We were burnt by this issue (not by PARDISO but by other solvers in MKL) and had to resort to making sure that the array partitions are aligned correctly.
We have found mkl documenation not always helpful; however the array alignment issue in particular, has been discussed in chapter 6 of the current (mkl with compiler 11.1.065) user's guide.
On a different note, I think that if the difference of the order of absolute tolerance (for example, by rule of thumb 1e-14 when using Real(8) numbers, should not affect the results from an engineering point of view. If it does, it indicates that the system of equations is badly scaled or you need to rewrite the equations or you may want to introduce stringent flags, such as fp:precise, for floating pointer operations. We did find such places in our programs and are more watchful since. I suspect dynamic parallelization will place even more demands on writing programs.
However, We used a brute force approach i.e. we allocated N+1 elements and pass section 1:N or 2:N+1 as required. We thus use intrinsic function LOC and mod to see if the 16 byte alignment is there or not.
My inputs to PARDISO are components of a derived type. I specified /align:rec16byte for the file containing the derived type definition but I still got random results changes run to run. I will try LOC to see if alignment is achieved.
/align:rec16bytes controls the relative offset of fields in a derived type (or RECORD) from the base - it does not specify where the whole variable is allocated. In other words. /align:rec16bytes may insert padding inside the structure to realign fields, but that doesn't help if the structure base is not 16-byte aligned.
In Intel Fortran, one uses
!DEC$ ATTRIBUTES ALIGN:16 :: varname
to specify the base alignment of individual variables. These can be local variables or ALLOCATABLE. For example, to declare an array of REAL(8) so that the base is aligned 16-bytes, one could use:
REAL(8), ALLOCATABLE :: X(:) !DEC$ ATTRIBUTES ALIGN:16 X ALLOCATE (X(10000))

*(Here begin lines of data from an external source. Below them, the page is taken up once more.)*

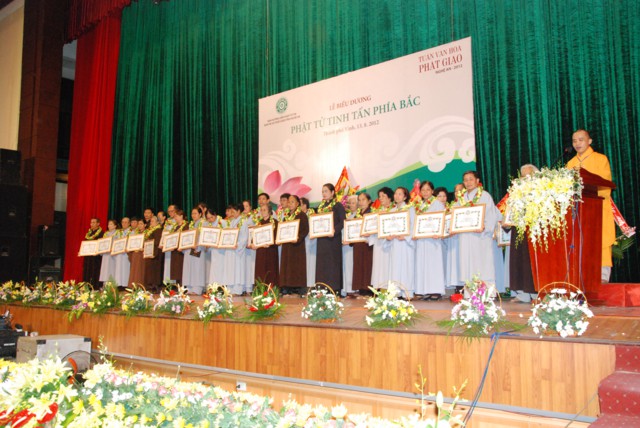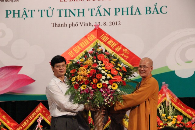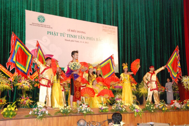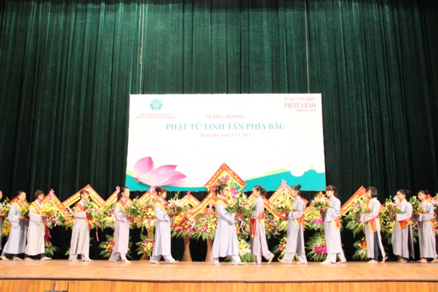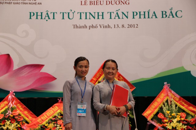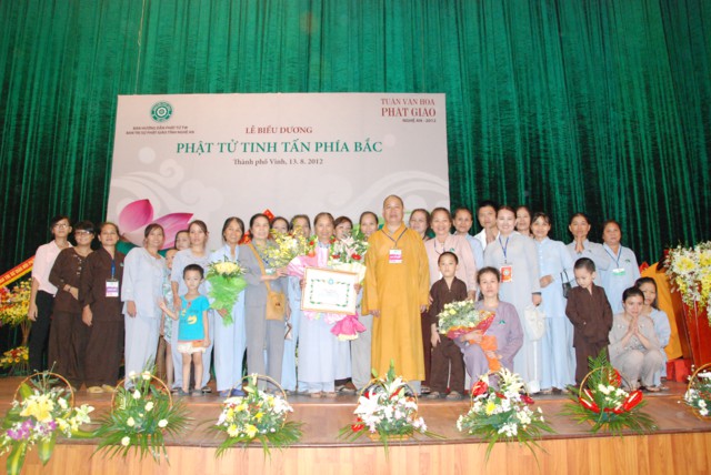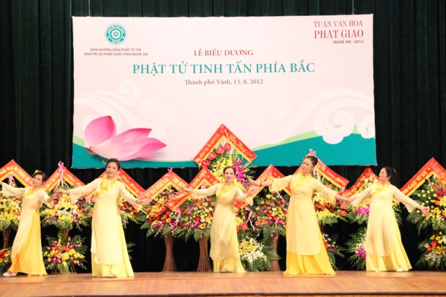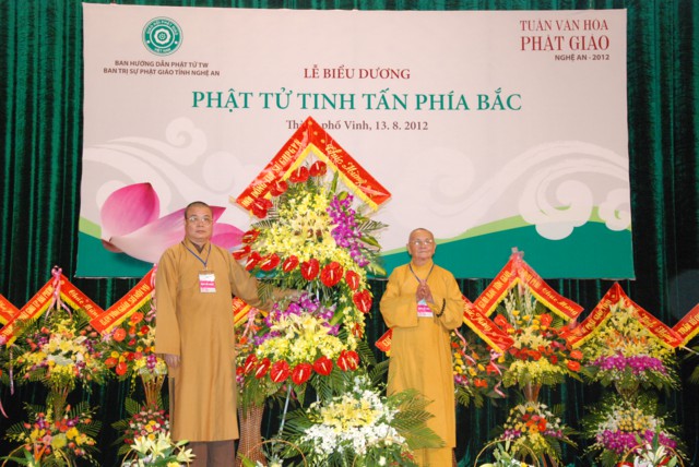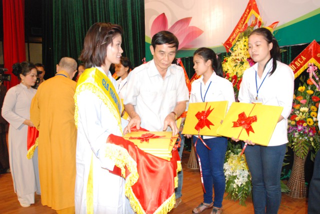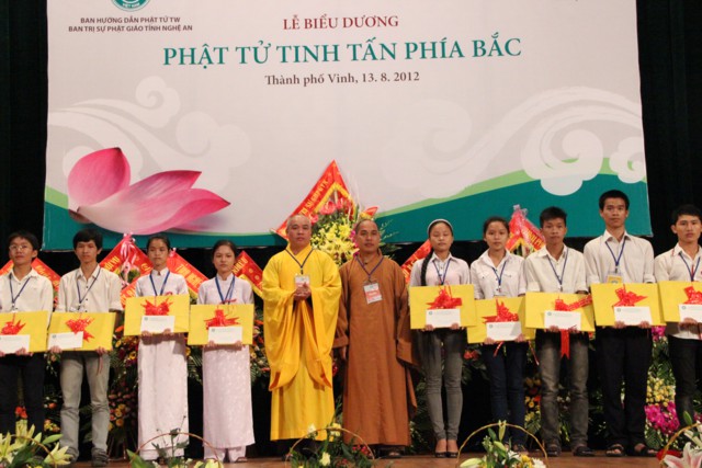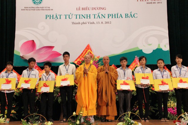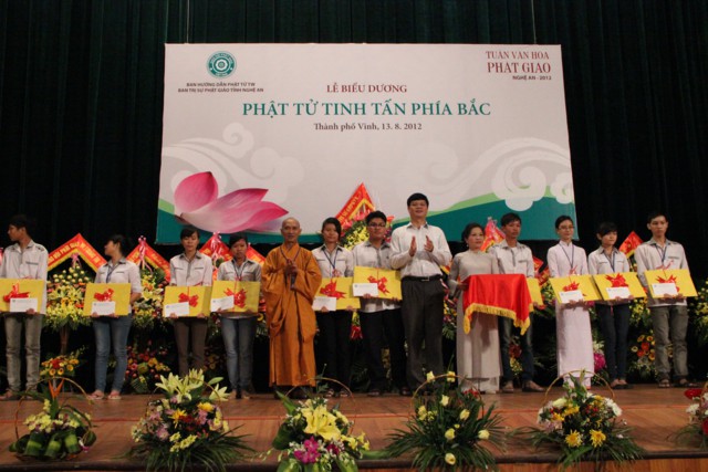 Tối ngày 13 tháng 08 năm 2012, Ban HDPT TW kết hợp với ban văn hóa TW GHPGVN, ban Trị sự Phật giáo Nghệ An đã long trọng tổ chức trao bằng tuyên dương công đức cho các Phật tử tinh tấn và trao học bổng cho các em học sinh nghèo vượt khó học giỏi tại nhà văn hóa lao động Nghệ An.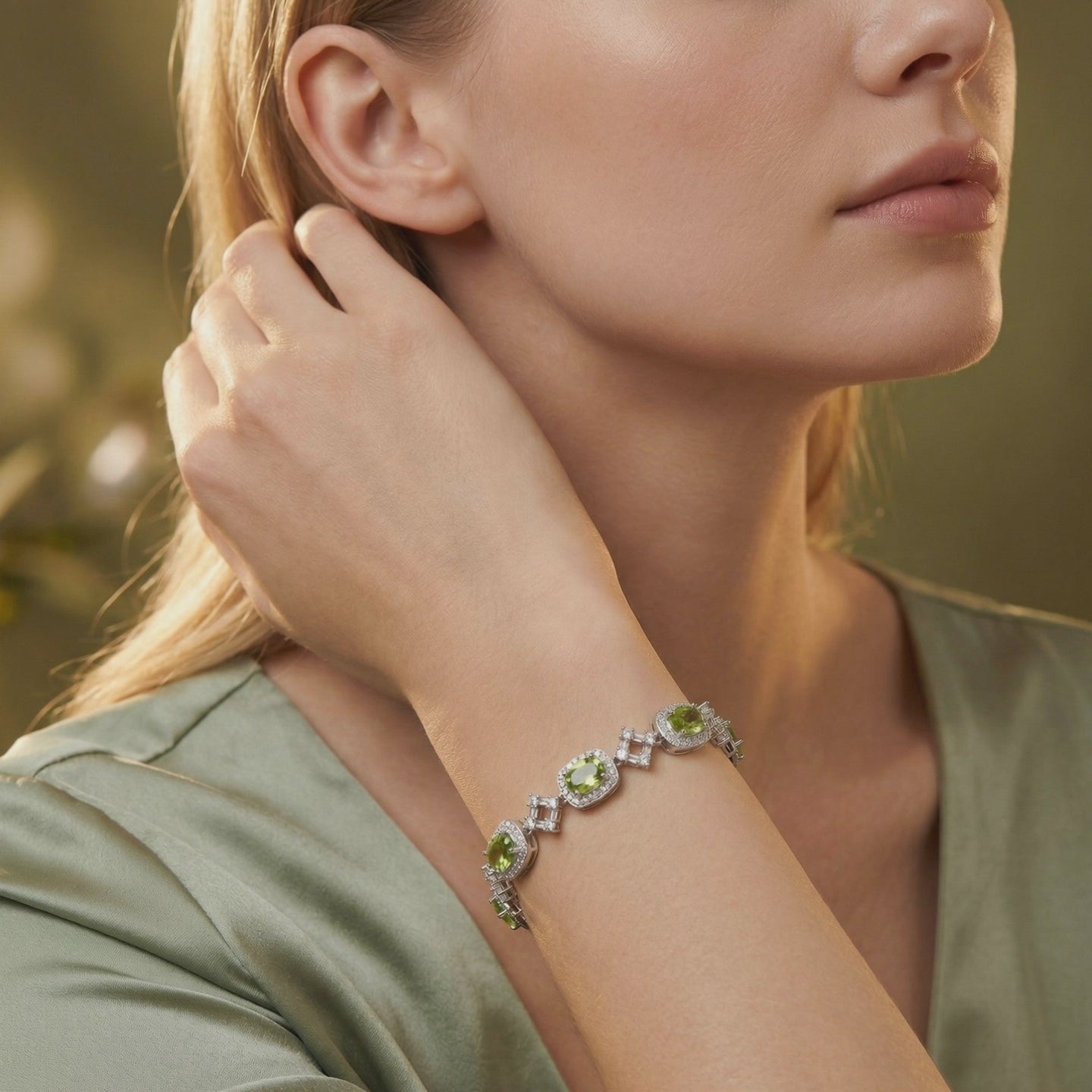 Wrap your wrist in the vibrant energy of the sun. This exquisite station bracelet features five luminous Oval Cut Natural Peridot gemstones, each one selected for its electric olive-green hue and exceptional clarity. Known as the "Evening Emerald," these stones refuse to dim when the lights go down, maintaining their radiant glow from your morning coffee to your evening gala.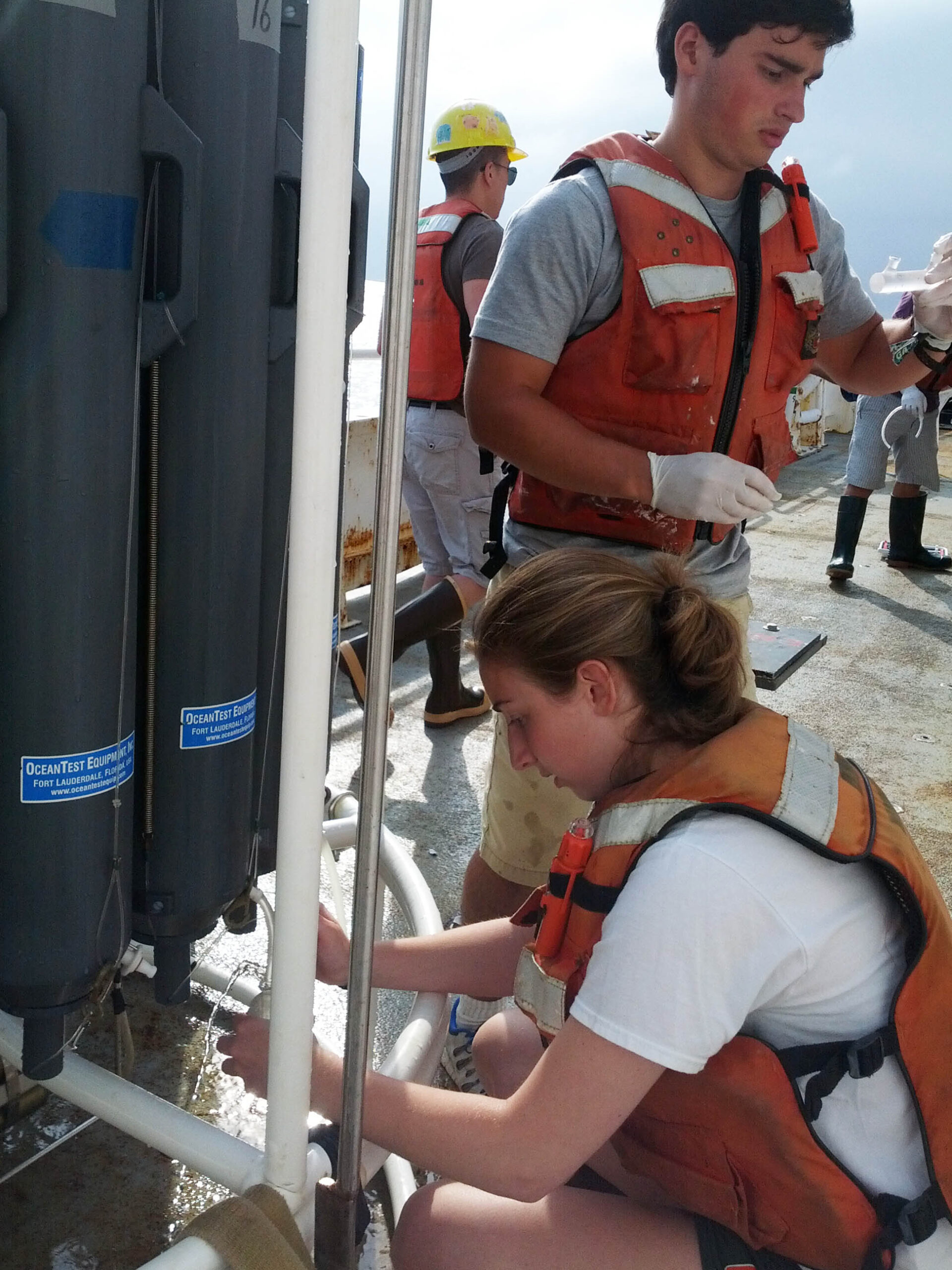In July of 2014, Kessler led a research cruise to Hudson Canyon to track the fate of the methane. Ruppel and Thomas Weber of the University of New Hampshire in Durham pinpointed the seeps using sound waves that bounced off methane bubbles. The team sailed the National Science Foundation’s research ship R/V Endeavor over the seep field, along a 6-kilometer (3.7-mile) stretch of the canyon, and collected water samples at varying depths using sensors that simultaneously measure conductivity, temperature, and depth of ocean water, known as CTD rosettes.

This assumes you use Fortran ALLOCATE - using other allocation methods, such as mkl_malloc, are not affected by the directive.
Andrew, in the source you provide, there is no way for the compiler to know how big d is. You declared it as one element (better would probably be to use (*)). Assuming you had done so, you could perhaps have written:
d(1:1000) = myComponent%d
but it would be far better if you made d an ALLOCATABLE array and allocated it to the proper size. Then everything works out for size and, if you choose, alignment.
The MKL PARDISO Version is not able to compute the same answers
with multithreading. Our new version PARDISO 4.0 from
www.pardiso-project.org is the only parallel sparse direct solver that
has this kind of functionality. Please take a look at the webpage. This
option is currently only available for symmetric indefinite matrices
and we hope to add this feature for all matrix types.
>Hi Olaf, how does this impact performancewhen comparing it
todynamically scheduled parallel tasks?
It is a completely redesign of the scheduling in the numerical factorzation. The aim was to improve threading scalabilty compared to PARDISO 3.3, and at the same time, we wanted to have identical results on multicores.
>And are youcalling only
sequential MKL BLAS from within your algorithm? We are using sequential MKL BLAS for each thread because multi-threaded MKL BLAS can not compute identical results.